I have a Netgear AC1450 router which has 3x3 2.4GHz antennas (450 Mbps) and 3x3 5GHz antennas (975 Mbps). My laptop has a builtin Intel AC8265 network adapter which has 2x2 5GHz antennas (867 Mbps). ...
  • schumaku's avatar
    schumaku
    Jan 01, 2019

    That's a different story. The http protocol overhead is not high indeed. However in general a http (and https enabled) tiny server with it's main job driving a Web user interface is ways off from being a fast provider for a file stream. Oh and then the big ones as well as the NAS vendors (well, some selected ones at least) providing lots of Web based services have silently migrated a lot of traffic away from the TCP stack to much more capable QUIC bringing lots of advantage. Needless to say - well possible the next http protocol will be no longer built on TCP.

    As a side comment, also SAMBA has changed a lot, along with the changes Microsoft has introduced over the last two decades with SMB 2.1, SMB 3.0/3.1. Most embedded systems like these routers are stuck on technology from decade(s) back.

    These tiny router systems have almost every disadvantage what the NAS industry has overcome in years of development: Poor SoC cores, low memory, very limited flash space for performance code - and last but not least plenty of legacy code (starting from crappy old kernels to the I/O system, no headroom for buffering, no caching capabilities).
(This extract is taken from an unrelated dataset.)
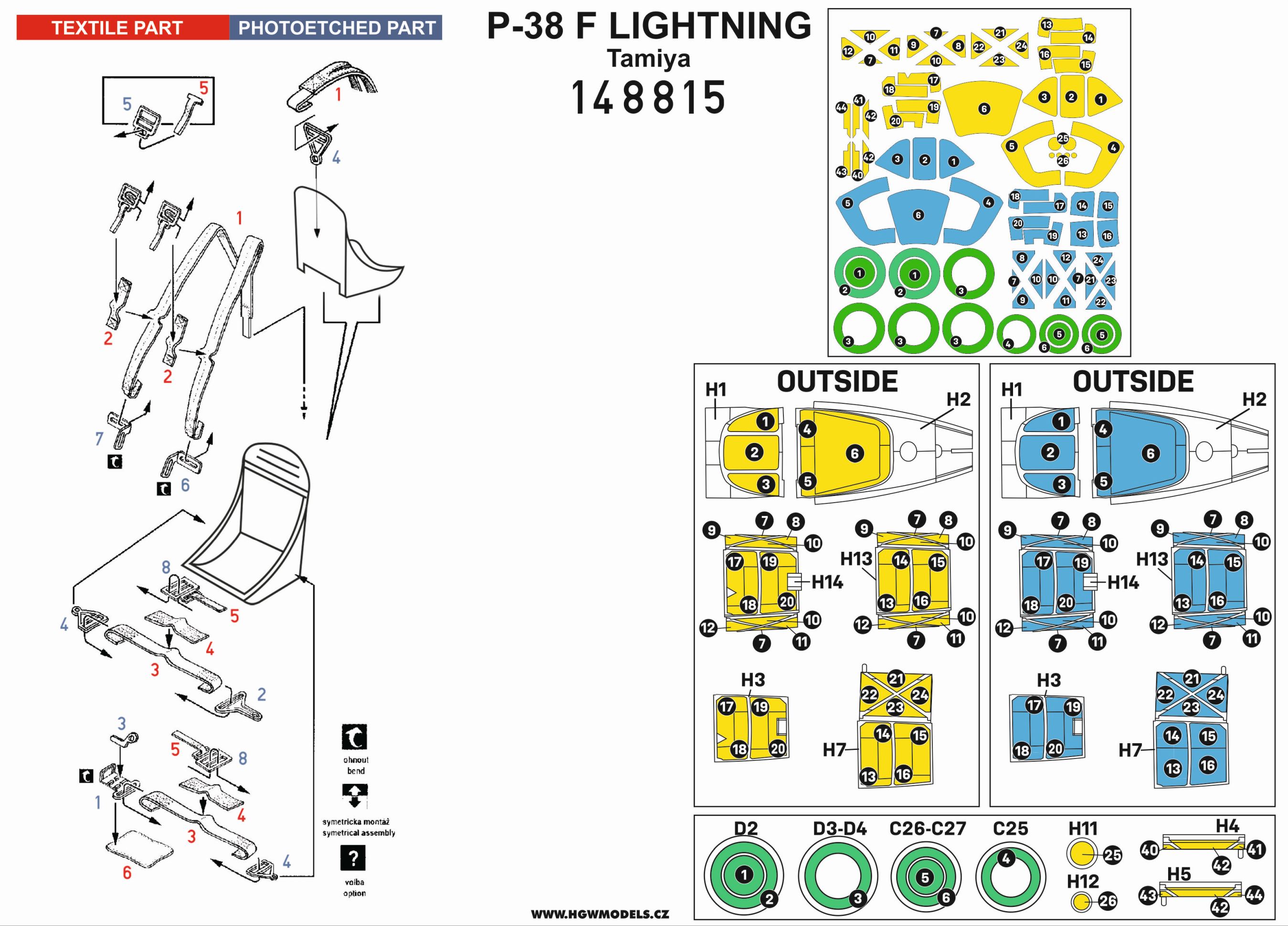 HGW - 1/48 Lockheed P-38F/G Lightning Basic LINE: seatbelts + masks (for Tamiya kits)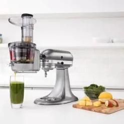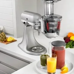 Uanset sæson, så smager hjemmelavet juice og saft helt fantastisk. Kast dig selv og familien ud i et eventyr af friskpresset appelsinjuice eller en hjemmelavet tomatsovs med en KitchenAid Artisan saftpresser. Saftpresseren monteres direkte på din KitchenAid og “tygger” sig langsomt igennem dine udvalgte ingredienser. Saftpresseren både skærer og presser dine grøntsager og frugter, så du får gavn af alle vitaminer og næringsstoffer. Saftpresseren har 3 forskellige filtre, der giver dig mange forskellige muligheder, alt efter hvor meget frugtkød du vil have i din frugtsaft. Alle løsdele tåler opvaskemaskine. KitchenAid giver dig 2 års garanti på saftpresseren. Model: KSM1JA.

    Even the R9000 or XR700 (same platform) does not really fly on storae access. Even with SMB 3.0 protocol available. It's not a secret: A router is a router, and with a single USB connected you don't win anything in the storage competition - NAS with similar SoC are outperforming these router based storage servers by factors of ten and more - but this does require memory for buffering, ideally SSD caching, and many HDD distributing the I/O load.

    Happy New Year!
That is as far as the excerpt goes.